April 11, 2026
Chunk Wars ignite
How Much Linear Memory Access Is Enough?
1MB is enough? Dev drops data, coders cheer, 'Grug' asks now what, GPU crowd says go gigabytes
TLDR: New tests claim most apps hit full speed with 1MB memory chunks (and sometimes much smaller), challenging the “bigger is always better” mantra. The comments split fast: data lovers cheer the receipts, GPU folks boast about gigabyte-scale chunks, and “Grug programmers” just want simple, practical rules they can use.
A performance-obsessed dev just posted data saying you don’t need giant memory chunks to go fast: for most work, 1MB blocks hit full speed, 128KB is enough if the work per byte isn’t tiny, and even 4KB works when the compute is heavy. Charts, code, and receipts are all on GitHub: github.com/solidean/bench-linear-access.
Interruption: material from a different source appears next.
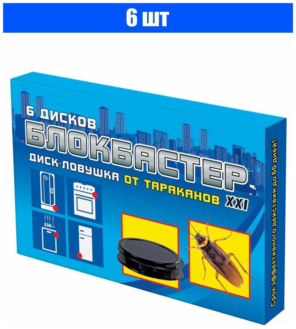 Блокбастер диск - ловушка от тараканов, средство от тараканов, 6 дисков в упаковке

And yes, the internet is already fighting about it.
Fans of “data over dogma” are loving it. The author admits he chased numbers because everyone repeats “more contiguity = better” without proof, and commenters piled in with relief and sass. One engineer flexed that they “reach peak performance before 128KB,” while another, coming from the GPU database world, cracked a smile with “is this nerd sniping?” before bragging they run gigabytes per task when they can. The vibe: Chunk Wars have begun.
Meanwhile, the self-described “Grug Programmer” crowd asked what to actually do: rearrange your data for better use of the tiny fast memory (cache) if you’re doing simple sums, but chill if your code is expensive enough that compute time hides the memory cost. Side threads spun up on whether huge pages (bigger memory blocks the operating system can use) would change the picture, and someone even praised the project while confessing a “mistrust of all booleans.” It’s nerdy, punchy, and blessedly full of numbers.
Key Points
- •Benchmarks quantify block-size thresholds for linear memory access on a Ryzen 9 7950X3D.
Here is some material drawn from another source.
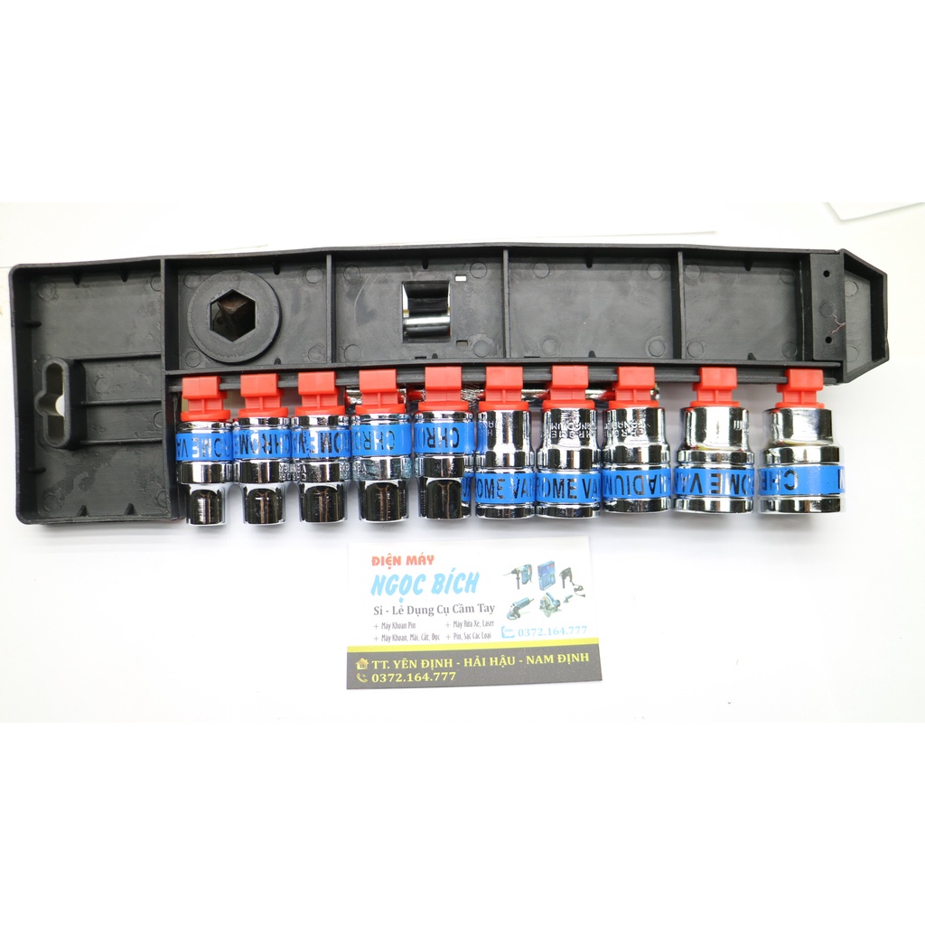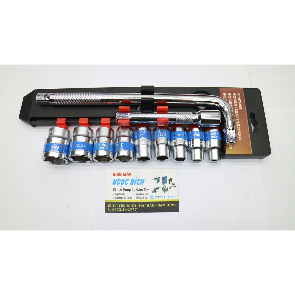 Bộ tuýp 11 chi tiết 1/2- Gồm: 9 đầu tuýp 1/2 inch (12.7mm): 8 10, 12, 13, 14, 17, 19, 22, 24mm.

- •Findings: ~1 MB blocks suffice for most workloads; ~128 kB suffices at ≥1 cycle/byte; ~4 kB suffices at ≥10 cycles/byte.
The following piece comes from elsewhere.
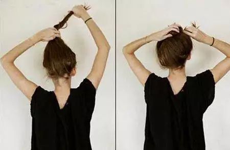 就手抓住发尾部分将发丝全部拉到头顶的位置。

- •Experiments fix the total working set and vary block size to measure amortization of block-jump costs.
- •Runs randomize block order and placement within a 4 GB backing memory and flush caches to avoid warm-cache bias.
- •A C++ scalar_stats kernel achieved ~7 GB/s on large blocks (~0.75 cycles/byte), with results and code available on GitHub.